◆ **The task**
A word-for-word copy of the data is what's wanted, with no pictures.

◆ **Data excerpt**
==================================================
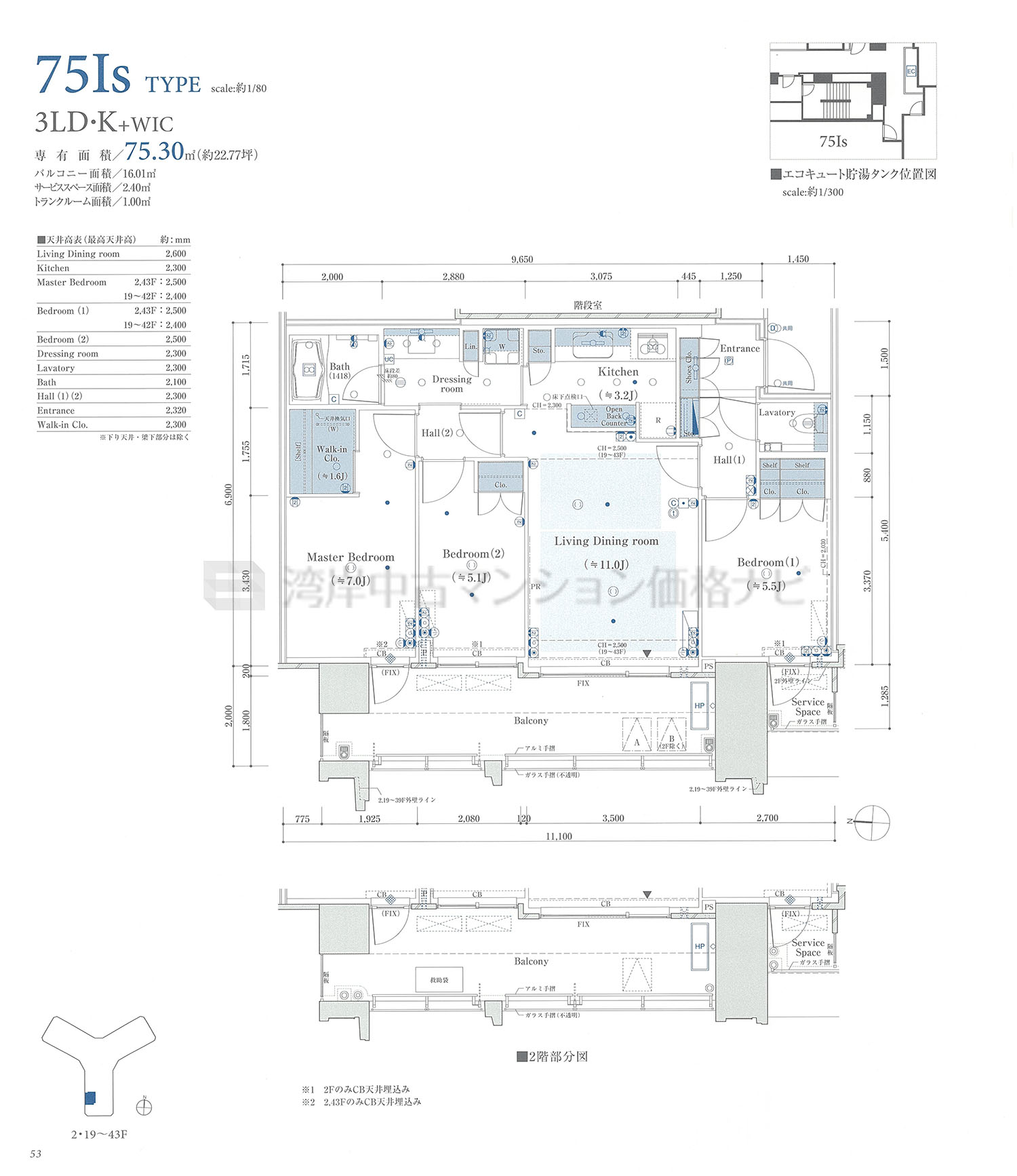 売出中住戸あり 75Is タイプ 間取り3LDK専有面積75.30m²
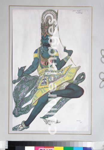 Bakst, Léon (1866-1924), Vaslav Nijinsky. Kostümentwurf zum Ballett Der blaue Gott von R. Hahn, 1912, Farblithographie, Theatermalerei, Russland, Privatsammlung
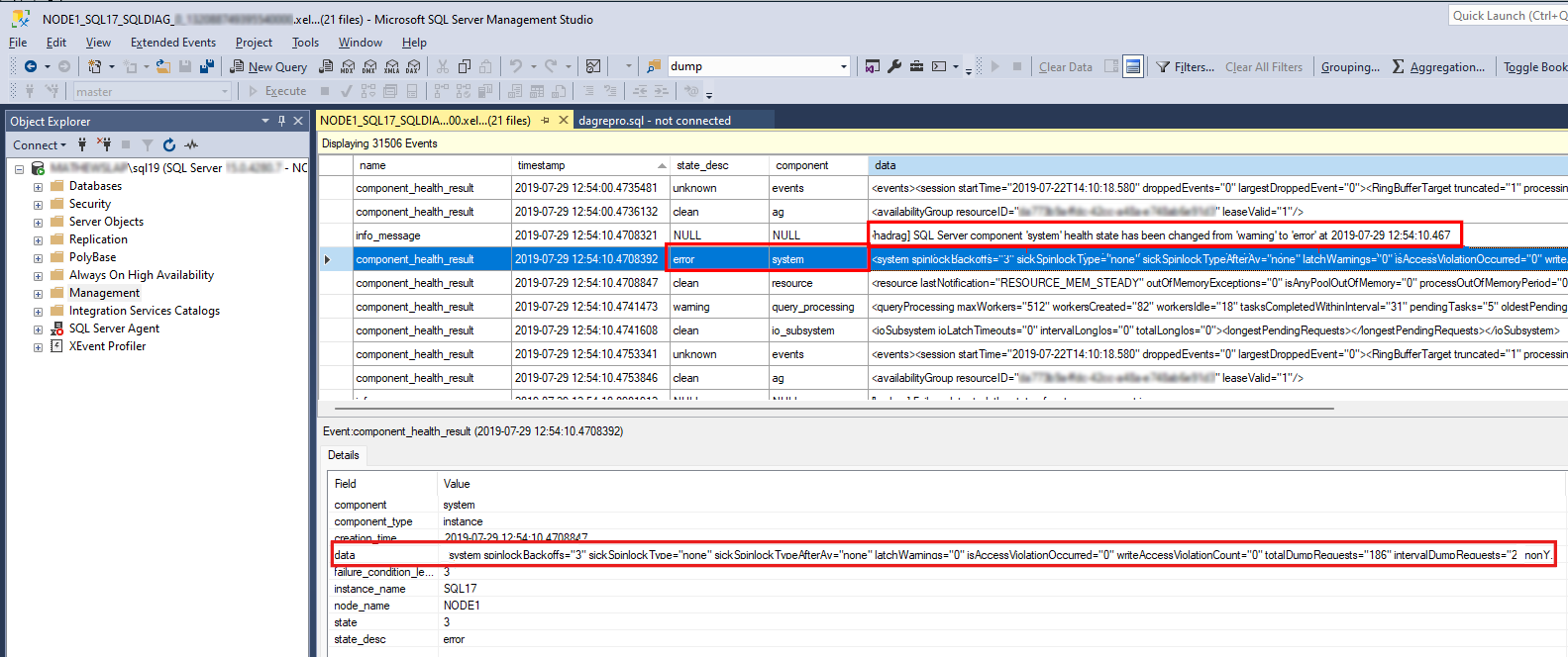 component_health_resultwhosestate_descvalue iserror. Here's an example of a system component event that reported an error back to Always On health monitoring:Double-click the data column in the lower pane. This opens the detailed component data in a new SSMS window pane for review. Here's what the system component data looks like:
==================================================
◆ **Exercise output**
 売出中住戸あり 75Is タイプ 間取り3LDK専有面積75.30m²
 Bakst, Léon (1866-1924), Vaslav Nijinsky. Kostümentwurf zum Ballett Der blaue Gott von R. Hahn, 1912, Farblithographie, Theatermalerei, Russland, Privatsammlung
 component_health_resultwhosestate_descvalue iserror. Here's an example of a system component event that reported an error back to Always On health monitoring:Double-click the data column in the lower pane. This opens the detailed component data in a new SSMS window pane for review. Here's what the system component data looks like:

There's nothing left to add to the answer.